Just about everyone is familiar with weather maps. There are many situations where it is useful to combine the underlying numerical weather data with other types of information. Accessing the weather data is a necessary first step.
The output from the U.S. National Centers for Environmental Prediction (NCEP) Global Forecast System (GFS) is freely available. The surface resolution of the model is ≈ 0.3º× 0.3°. The model runs every 6 hours, producing forecasts at 3-hourly intervals extending out to 16 days. As an example of output from GFS, the map (below) shows the predicted average temperature at 2 metres over the entire globe for the next 24 hr (date of this post). The map shows predicted cold conditions in Europe, and the continuing heatwave in Australia.
How the map was made
GFS forecasts are in a format called GRIB2. According to Wikipedia, “GRIB (GRIdded Binary) is a mathematically concise data format commonly used in meteorology to store historical and forecast weather data.” GRIB files contain physical fields such as temperature, humidity etc defined on a spatial grid, as well as boundary conditions such as vegetation type and elevation. The data might be assimilated from observations, or output from a forecast model.
The first step is to translate the GRIB into a raster format such as netcdf which can be read in R. For example, the GRIB2 file gfs.2009121700/gfs.t00z.sfluxgrbf03.grib2 contains the 3-hr forecast surface data on 17 Dec 2009 produced at 00 UTC (midnight universal time). An inventory of the data contained in this file can be seen here. Download this forecast as temp.grb
To read temp.grb a utility called wgrib2 needs to be installed on your system. Then data such as land fraction can extracted into a netcdf file LAND.nc using the R shell command
shell("wgrib2 -s temp03.grb | grep :LAND: | wgrib2 -i temp00.grb -netcdf LAND.nc",intern=T)

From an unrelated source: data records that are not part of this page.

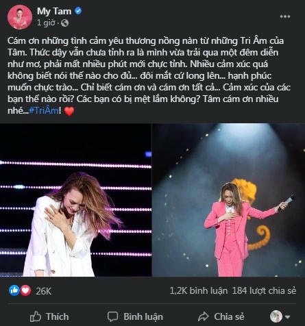 Mỹ Tâm cảm động viết: “Cám ơn những tình cảm yêu thương nồng nàn từ những Tri Âm của Tâm. Thức dậy vẫn chưa tỉnh ra là mình vừa trải qua một đêm diễn như mơ, phải mất nhiều phút mới chực tỉnh”.
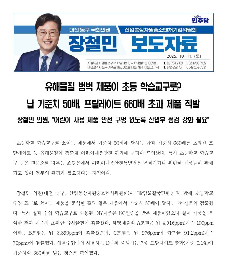유해물질 범벅 제품이 초등 학습교구로? 납 기준치 50배, 프탈레이트 660배 초과 제품 적발장철민 의원, “어린이
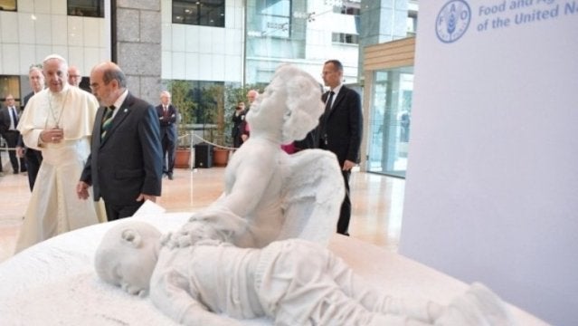 El Pontífice ha donado a la organización internacional la figura escultórica de 1,20 metros de ancho y 0,75 de alto, esculpida en mármol blanco de Carrara, con un peso aproximado de 1.000 kilos. La obra del artista autodidacta Luigi Prevedel (Cles, Trento. 1969) ha sido colocada en el atrio principal de la sede de la FAO en Roma, Italia.

The ncdf package can now be used to read the contents of LAND.nc.
landFrac <-open.ncdf("LAND.nc") land <- get.var.ncdf(landFrac,"LAND_surface") x <- get.var.ncdf(landFrac,"longitude") y <- get.var.ncdf(landFrac,"latitude")
The 1152×576 matrix land takes values 1 for land and 0 for water (sea-ice is 1). x and y are the longitude and latitude of the non-uniform GFS grid.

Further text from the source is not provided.